Work instruction:
Below, some lines carry pictures; leave those pictures out and retype exactly the lines from the one with "If you are in" through the one with "Colier cu pandantiv".

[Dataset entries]
_____

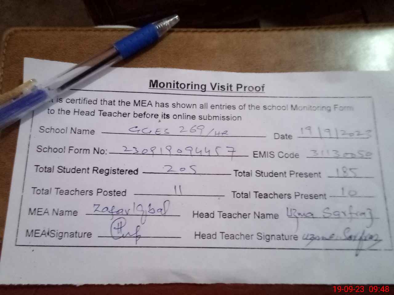 | EMIS Code: 31130050 | Name of School: GGES CHAK 269/HR | |||
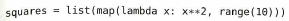 リスト内包表記 [a ** 3 for a in range(5)] は、map 関数を使って書き換えることができます。map(関数, イテラブル) は map オブジェクトを返すため、最終的にリストの形にするには list() で囲む必要があります。完成形:list(map(lambda a: a**3, range(5)))
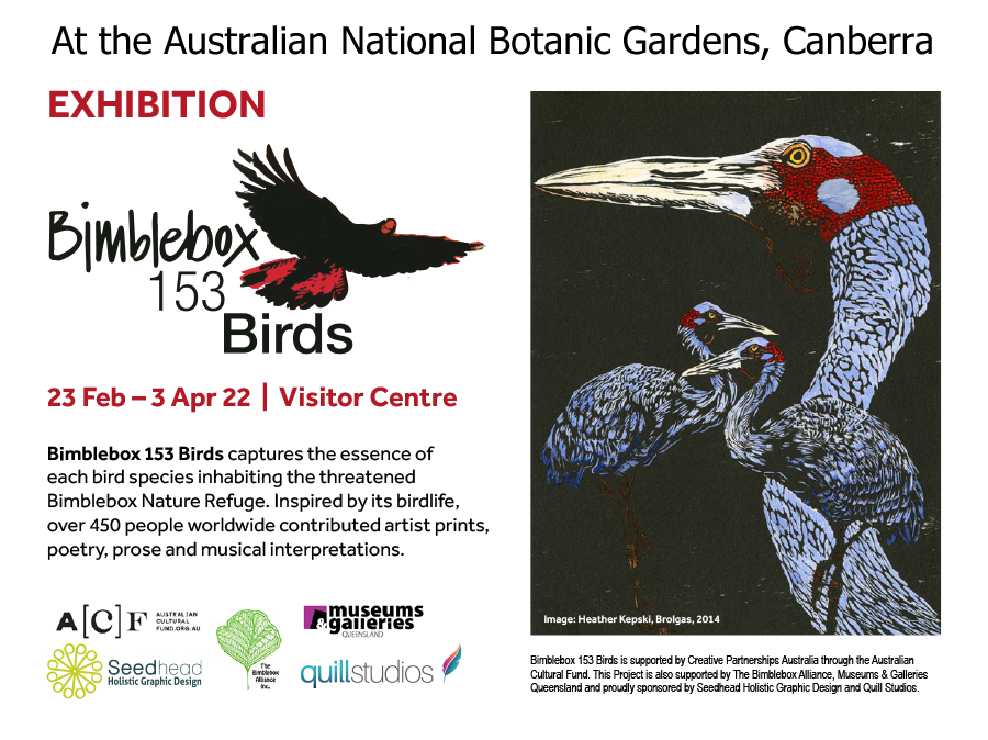 If you are in the Canberra Region, visit Bimblebox 153 Birds at the Australian National Botanic Gardens to experience the birdlife of the Bimblebox Nature Refuge. Writers, Artists and Musicians from around the world have created a multilayered exhibition of poetry, prose, music and artwork.
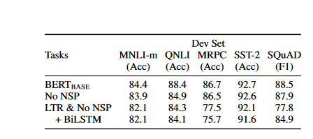 - Because the token-level hidden states in SQuAD do not include any right-side context, it is intuitively obvious that an LTR model will not perform well when making token predictions. On top of the LTR system, we tacked on a randomly initialized BiLSTM so that we could make an honest effort to improve its strength. Even though this dramatically enhances the results on SQuAD, the results are still of much lower quality than those produced by the pretrained bidirectional models. The BiLSTM hurts performance on the GLUE tasks.
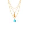 Colier cu pandantiv cu pene turcoaz în mai multe straturi pentru femei în stil boho, cadou cu lanț de pulover
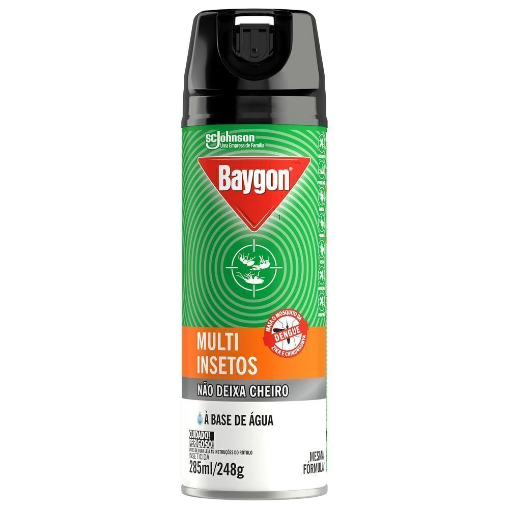 "Baygon Multi Insetos possui fórmula à base de água. É altamente eficaz contra insetos voadores como mosquitos, pernilongos, carapanãs, muriçocas e moscas e até contra o mosquito que pode transmitir a Dengue, o Zika Vírus e a Chikungunya. Mata também baratas e formigas.

_____

Answer to this problem:
 If you are in the Canberra Region, visit Bimblebox 153 Birds at the Australian National Botanic Gardens to experience the birdlife of the Bimblebox Nature Refuge. Writers, Artists and Musicians from around the world have created a multilayered exhibition of poetry, prose, music and artwork.
 - Because the token-level hidden states in SQuAD do not include any right-side context, it is intuitively obvious that an LTR model will not perform well when making token predictions. On top of the LTR system, we tacked on a randomly initialized BiLSTM so that we could make an honest effort to improve its strength. Even though this dramatically enhances the results on SQuAD, the results are still of much lower quality than those produced by the pretrained bidirectional models. The BiLSTM hurts performance on the GLUE tasks.
 Colier cu pandantiv cu pene turcoaz în mai multe straturi pentru femei în stil boho, cadou cu lanț de pulover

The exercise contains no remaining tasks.